In the current 5th edition and in a supplement I was puting in the box with the 4th edition, I said the defense should prefer calling timeouts between 2:39 and 2:00, not avoiding it as I had said in the earlier editions. The reason is complex and explained in the book. So the Cards screwed up that aspect of clock management. They should have used all their second-half timeouts after plays that did not stop the clock between 2:39 and 2:00.
The final play before the successful 56-yard field goal was an incomplete pass—again to be avoided if you can still get the first down you need—therefore a bit of a judgment call. It was only 3rd and 2 when they snapped the ball so I think there should have been a running play that had a decent probability of getting the two yards. The incomplete pass sure as heck did NOT get them.
They should have been using Appendix C of my book Football Clock Management, 5th edition, which is titled: “NCAA/NFL Field-Goal Pace Graph.” The new 5th edition arrived at my house on Friday 12/28/13) With 3:14 left and about 46 yards to go to have a good FG success probability, they should have been snapping the ball with about :16 left on the PLAY clock each time.
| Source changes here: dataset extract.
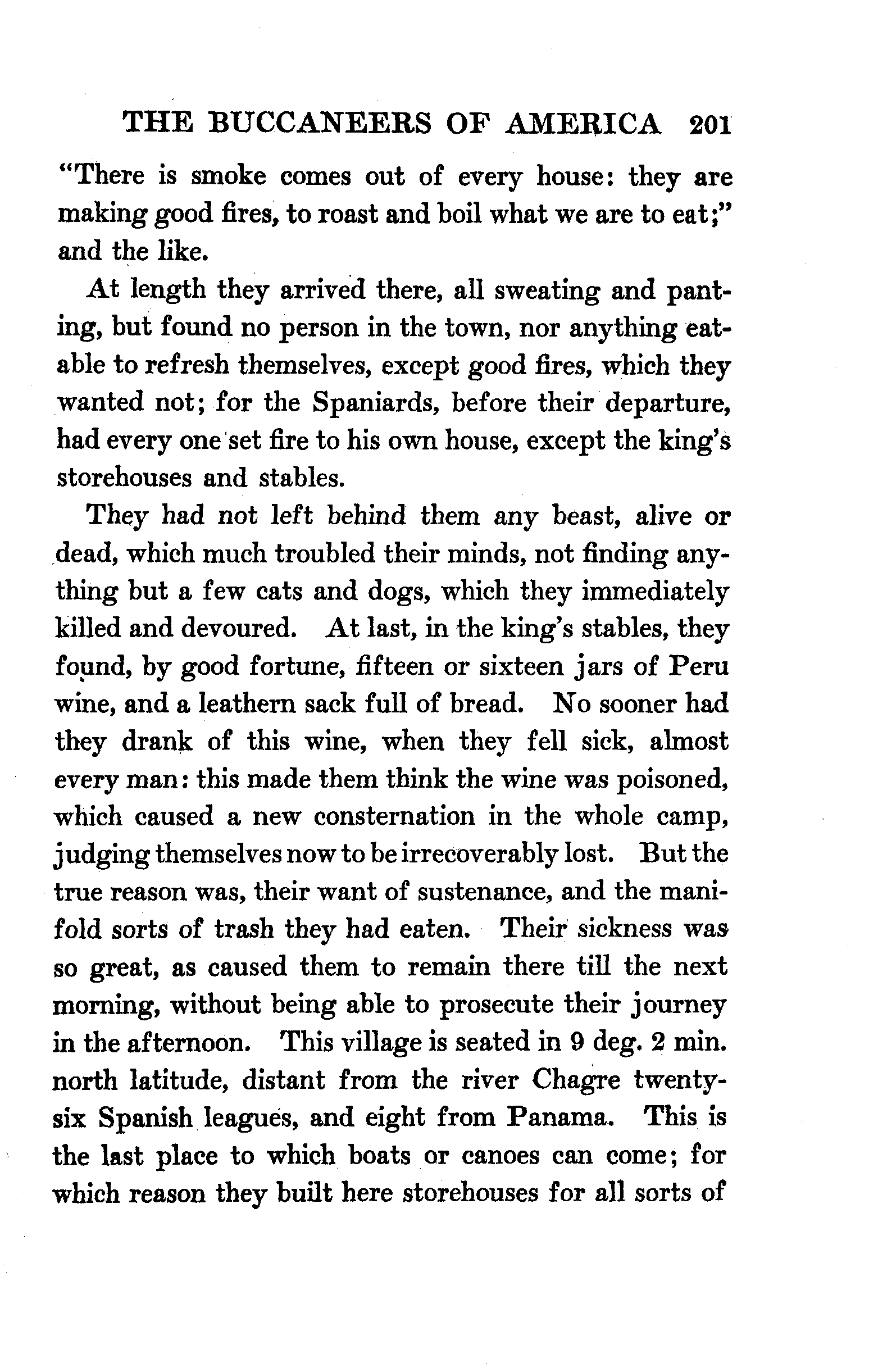 They had not left behind them any beast, alive or dead, which much troubled their minds, not finding anything but a few cats and dogs, which they immediately killed and devoured. At last, in the king's stables, they found, by good fortune, fifteen or sixteen jars of Peru wine, and a leathern sack full of bread. No sooner had they drank of this wine, when they fell sick, almost every man: this made them think the wine was poisoned, which caused a new consternation in the whole camp, judging themselves now to be irrecoverably lost. But the true reason was, their want of sustenance, and the manifold sorts of trash they had eaten. Their sickness was so great, as caused them to remain there till the next morning, without being able to prosecute their journey in the afternoon. This village is seated in 9 deg. 2 min. north latitude, distant from the river Chagre twenty-six Spanish leagues, and eight from Panama. This is the last place to which boats or canoes can come; for which reason they built here storehouses for all sorts of[202] merchandise, which to and from Panama are transported on the backs of mules.

That is the pace at which the game clock would have run out while the game-winning FG was in the air. They snapped it too soon.
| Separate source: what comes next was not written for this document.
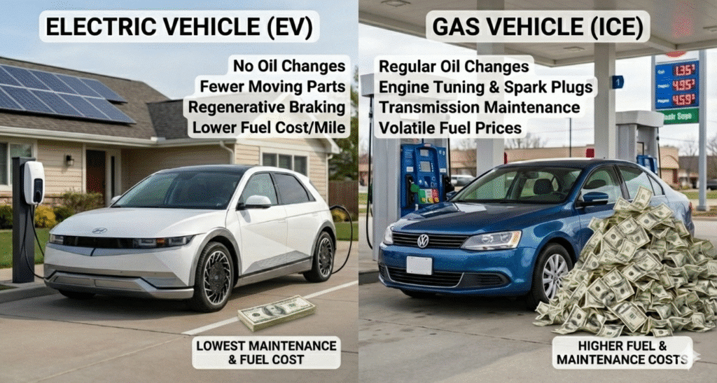 • EVs show meaningful total-cost advantages for many drivers. Independent analysis and consumer guides show EV owners often spend substantially less on fuel and maintenance than gas-powered owners. EV drivers can save up to $2,000 a year while helping utilities operate the grid more efficiently.

You continue to consult the pace graph after each play. There was also an out-of-bounds play and two incompletions, each of which stopped the clock.
As you see each clock/situation change as each play unfolds, you adjust when you snap in relation to the play clock to make sure the whole game clock is run off prior to the field goal attempt which should be snapped at :03. Because of the two plays that stopped the clock, the pace graph would have told the Niners to go to a max slowdown early in that drive.
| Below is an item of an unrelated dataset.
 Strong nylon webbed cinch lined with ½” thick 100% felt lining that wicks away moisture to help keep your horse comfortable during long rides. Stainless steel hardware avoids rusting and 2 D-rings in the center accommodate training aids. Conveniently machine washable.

The Niners repeatedly snapped too soon. As a consequence, they gave the ball back to the Cardinals at 1:45, which time AZ used to tie the game 20-20 with a field goal of their own.
The Niners then got the ball back at their own 36 with :29 left and managed to get into FG range and kick a 40-yard FG as time expired. SF won 23-20. Had they managed the clock competently on their next-to-last drive, the game would have ended with the 20-17 FG in the air, not the 23-20 FG.
The Niners were lucky to go 42 yards in the final :29 to win. They should have burned more time on that next-to-last drive—which would have make it their last drive—and thereby giving AZ little or no time for their final drive.
If they keep screwing up the clock management like that, I expect they will eventually be less lucky, thereby producing a totally unnecessary, heartbreaking, playoff or maybe a SuperBowl loss. You read it here first.